The technology has spawned criticisms, particularly of its reliance on methane infrastructure and of the present-day limitations of carbon storage. Many environmentalists oppose L.N.G. terminals, in large part because they extend the use of fossil fuels; the Sierra Club recently targeted those planned for Cameron, in Southwest Louisiana, including G2 Net-Zero, arguing that they will cause grave environmental damage to the area.
“As long as a power plant is being powered by methane gas, it will continue to harm our climate and communities,” said Jeremy Fisher, senior adviser for strategic research and development for the Sierra Club. “This technology would do nothing to protect families living with pollution from fracking wells or next to dangerous gas pipelines, and it would continue to allow for the massive — and often undercounted — amount of climate-warming methane leaked from wellheads, pipelines and plants.”
Mr. Roemer referred to research showing that proper monitoring and quick action could reduce methane leaks greatly and said that he would work with natural gas suppliers that were “committed to the lowering of emissions.” As for exporting L.N.G. to be burned elsewhere, he said that someone receiving his L.N.G. could burn it in another NET Power plant and avoid greenhouse gas emissions. “I’m going to sell my product to people who are committed to the same things I’m committed to,” he said.
“The problem we’re trying to solve is abundant, clean affordable energy,” Mr. Roemer said. “I don’t see how you could be against what I’m doing.”
If, through regulation, nations make it profitable to capture carbon dioxide and stow it, technologies like NET Power’s will become even more attractive. Yet while the Intergovernmental Panel on Climate Change has repeatedly cited carbon capture and storage as part of the solution to climate change, the details have yet to be worked out — and many in the climate science community frame the technology as an excuse to keep burning fossil fuels, not a good-faith effort to decarbonize.

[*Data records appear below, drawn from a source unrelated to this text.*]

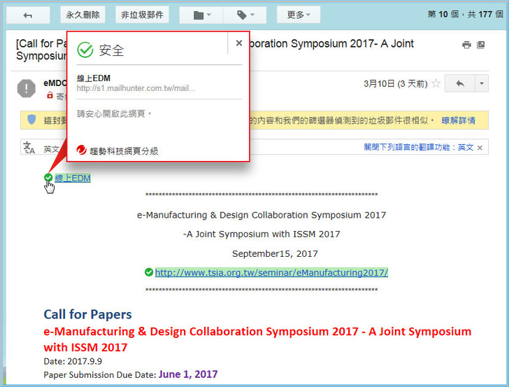 【▼】在E-mail上面的連結一樣會顯示安全分級,真的讓人安心不少。
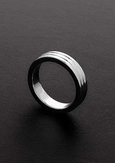 Solide geribde cock ring van roestvrij staal. Deze ring helpt je erectie te verlengen en voegt tegelijkertijd wat gloed toe.
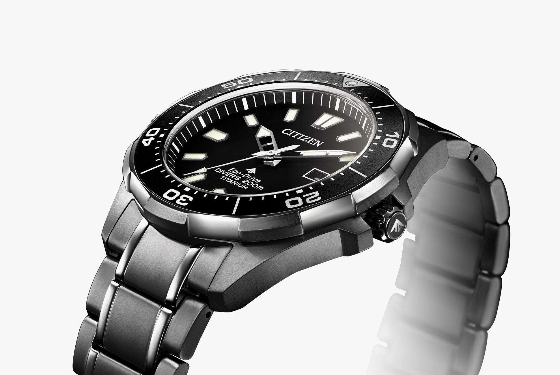 Key Features: Solar-charged quartz movement. Titanium case and bracelet. Water resistant to 200 meters
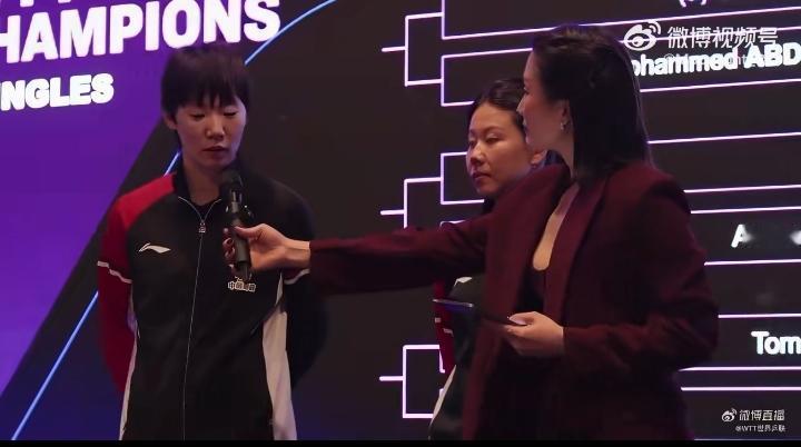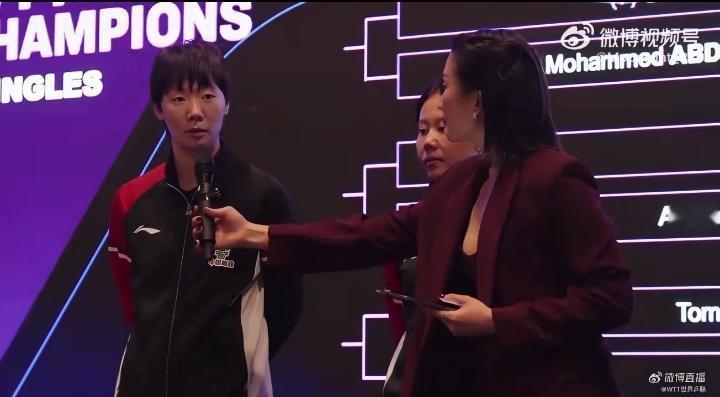 抽签仪式上的王曼昱[赞]! 2026WTT多哈冠军赛抽签仪式上王曼昱接受了现场采访。 这个采访是在抽签刚刚结束时,主持人问曼昱在这新赛季首战里最期待打出怎样的表现。 曼昱谦虚地说,每一场的对手都非常强大,特别是第一场,希望自己能在这开年大赛中有一个好的发挥。 确实,本站曼昱首轮对阵大藤沙月,之前两个人还从未有过交手,之前每次分在一个区的时候,以为大藤沙月能够着曼昱的,结果每次她都提前走人了,这次好了,第一轮就碰到了。 曼昱加油!曼昱必胜[奋斗]!
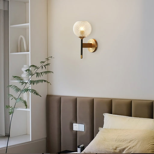 mooiehomeThe Staggered Glass Sconce is an elegant addition to any bedroom. Its contemporary design features a glass globe shade, metal hardware, and a minim...
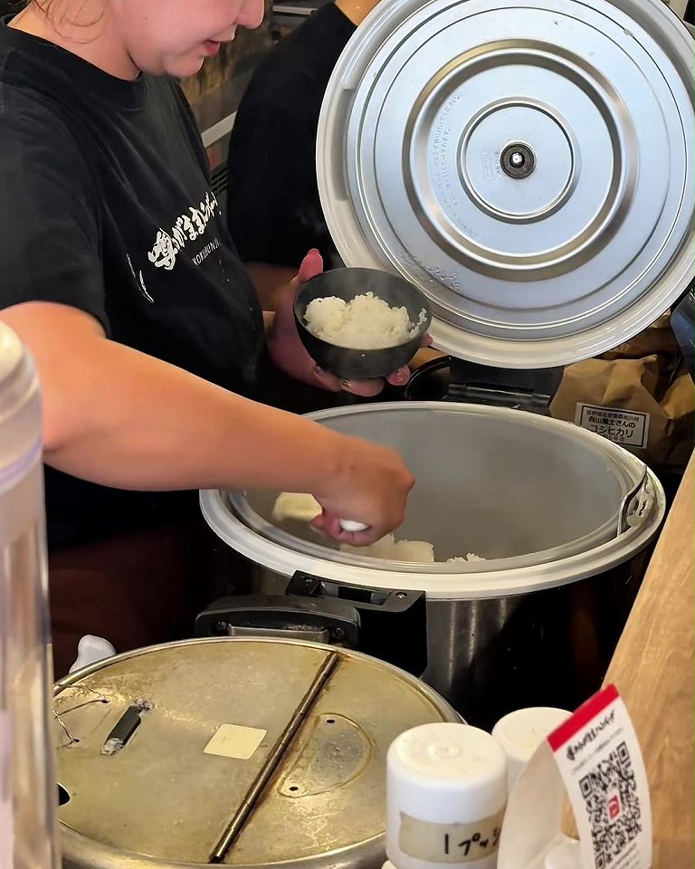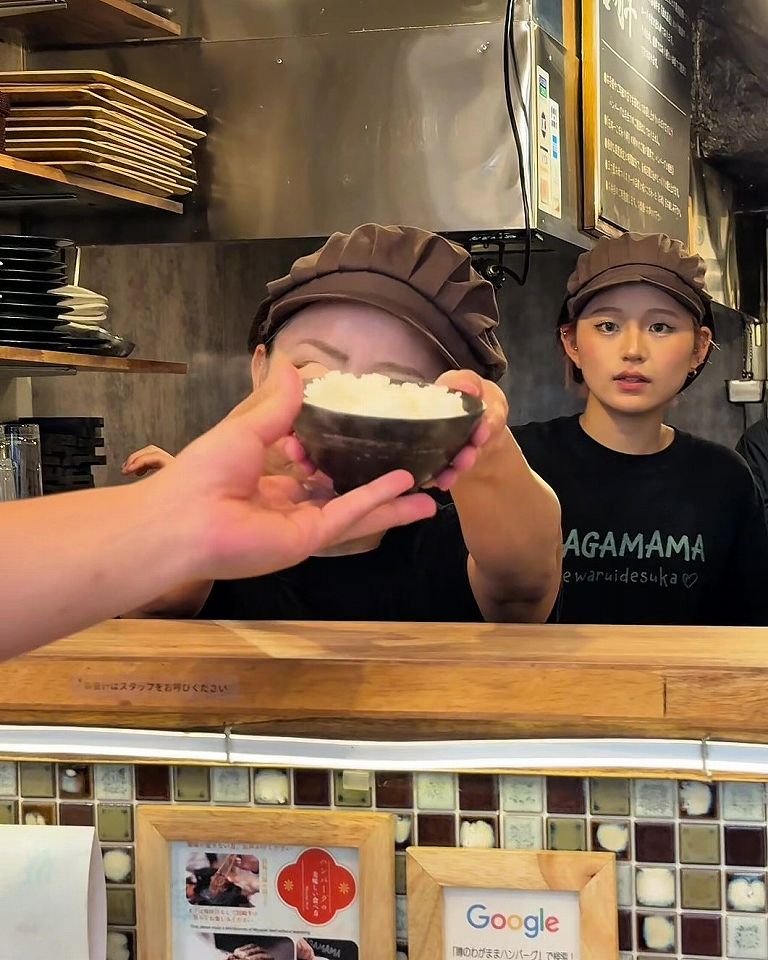 ご飯はお代わり無料だから、お腹いっぱいになるまで食べられます。つやつやのお米が本当に美味しいです。
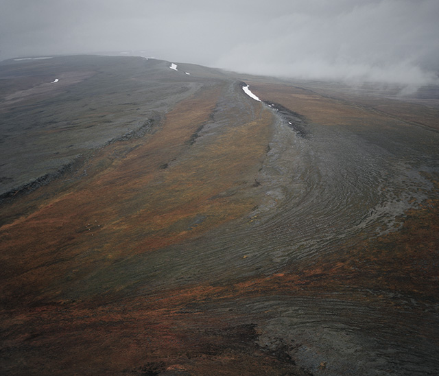 The photograph shows tracks on coal seams made by the Western Arctic caribou herd over a very long period - perhaps many centuries or even millenia. These tracks are deeply etched in the coal surface. This also means that the coal is right on the surface and any development here most likely will employ a relatively recent mining process known as mountain-top removal. This type of mining has been used in the Apalachian Mountains that spans several southeastern states of the United States. Only from air can one grasp the magnitude of the devastation, with dark craters and huge black ponds filled with a toxic byproduct called coal slurry. In the Utukok Upland it is not an issue of aesthetic, but ecology, as these vast caribou herd use this area both for calving and post calving aggregation.
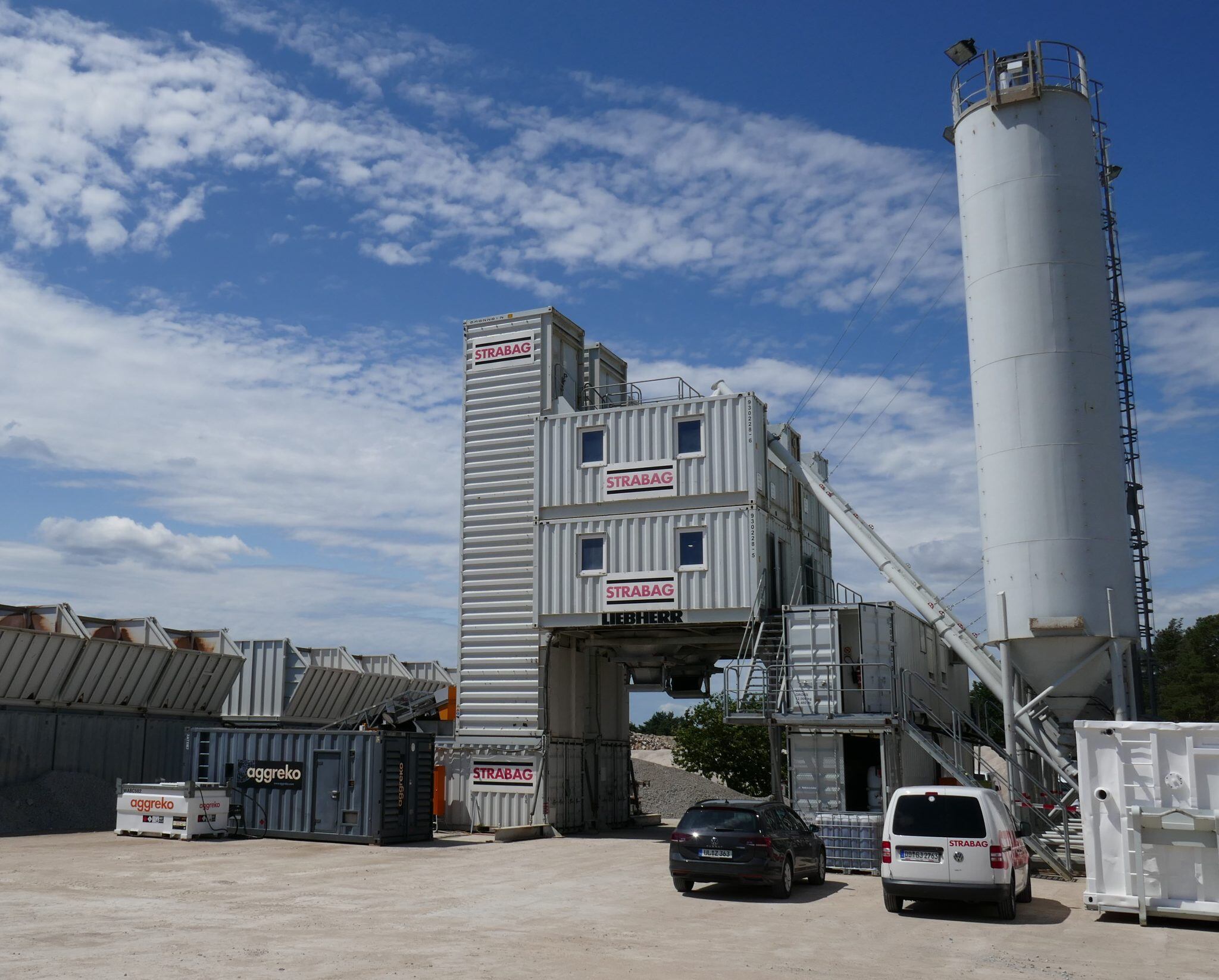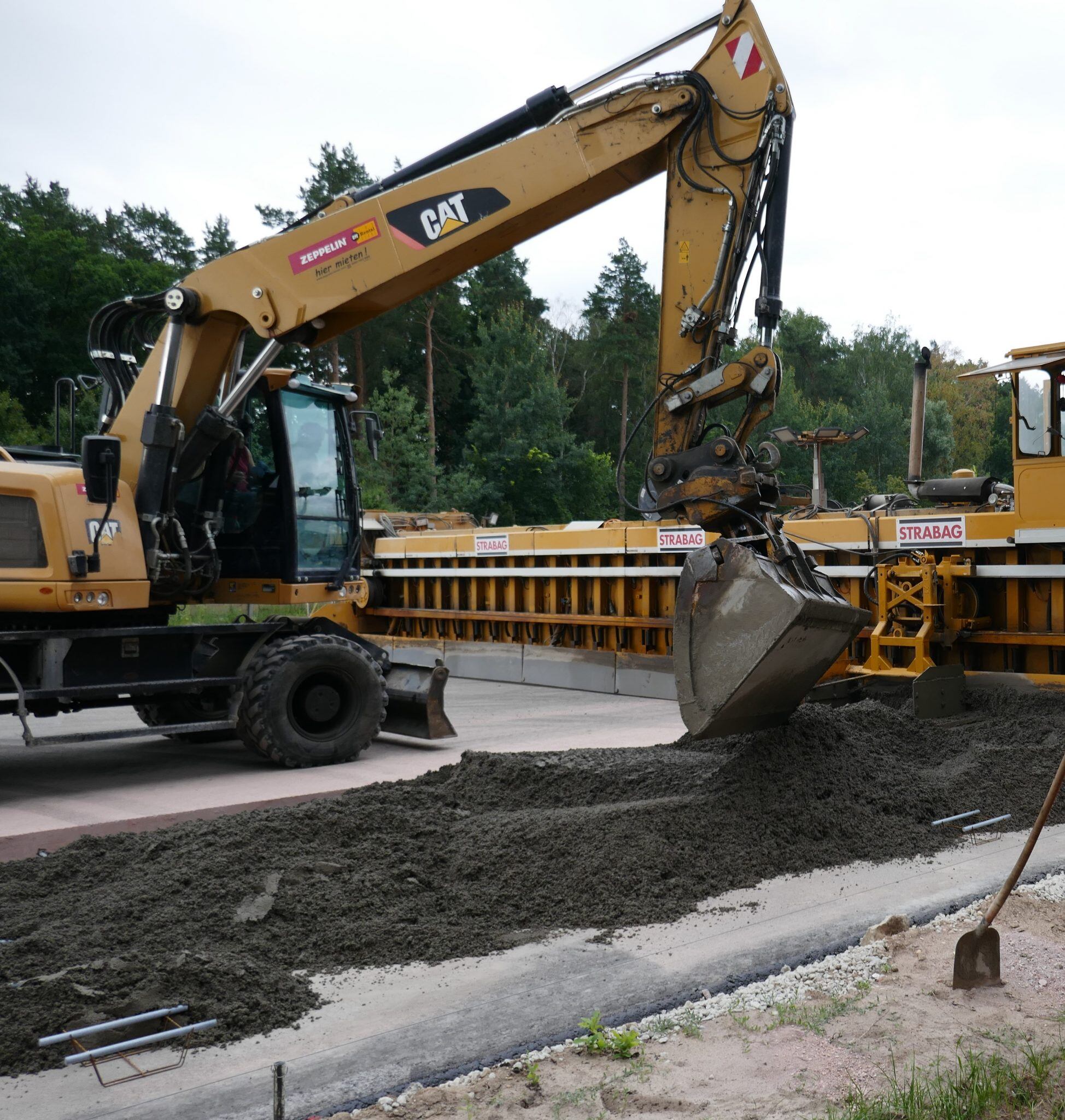 Zunächst wurde auf einer Freifläche im nahegelegenen Gewerbegebiet die mobile Liebherr-Betonmischanlage der STRABAG aufgestellt. Auf der vorbereiteten, mit ungebundenen Schichten befestigten Fläche, war ausreichend Platz für die Mischanlage und die Lagerung sämtlicher Gesteinskörnungen.

“What do you do with that CO2?” asked Michael Mann, a climate scientist at Penn State University. “If it’s used to enhance oil recovery, it’s still contributing to the problems. If it’s buried, how safely and permanently is it buried?”
Supporters of the technology note that solar and wind power looked like long shots before government incentives helped refine the technologies and drive costs down. Virginia Burkett, a leading scientist at the United States Geological Survey, said that carbon sequestration in deep geological formations was a “proven technology” and noted that the National Academies of Science called it ready for large-scale deployment” in 2019.
Julio Friedmann, an expert on carbon-removal technologies, called NET Power’s technology “an incredibly elegant solution to a difficult problem.” However, Dr. Friedmann, who has served as an adviser to the company, said that success on a commercial scale was not certain.
“I’ve had many discussions with physicists who say, ‘The physics is settled; the rest is just engineering.’ Well, the engineering is really hard. In theory, there’s no difference between theory and practice. In practice, there is,” he said. “It is still possible that they will fail — but I don’t think so.”